Tag Archives: #mumbaimom

Mommy Friendships: My Support Network

Having a child makes you feel like you’re in college all over again. You go to mother toddler classes or take them to school, and moms everywhere are out to make friends- in inverse proportion to the amount their children want to befriend each other. As we mommies plan play dates so “the kids can get to know each other”, the kids exchange wary looks while the mommies connect over bottle-weaning and baby woes.

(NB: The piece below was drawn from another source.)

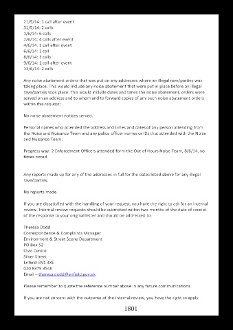 rave/parties took place. This would include dates and times the noise abatement, orders were

Some people dismiss these interactions as “socializing” or trying to expand your mommy network but I see this as a very crucial part of a mom’s life. Women, innately, feel the need to talk and share. Mommyhood is a huge change in any woman’s life, and it’s a very confusing time as you grapple with a newborn who is suddenly
completely dependent on you, a husband who now has to deal with being second best, and your own roller coaster of emotions wherein it feels like your identity has been robbed by this seemingly innocent angel of God. It is a time when you need advice (are those explosive, trucker farts that this little human is capable of emanating, normal?), camaraderie (do you also pee a little, nowadays, when you laugh too hard or wait too long?) and a shoulder to cry on (does it mean I’m a bad mom if I lock myself in the bathroom and read Vogue, while my baby cries outside for the umpteenth time?). We need someone to talk to- someone who truly understands.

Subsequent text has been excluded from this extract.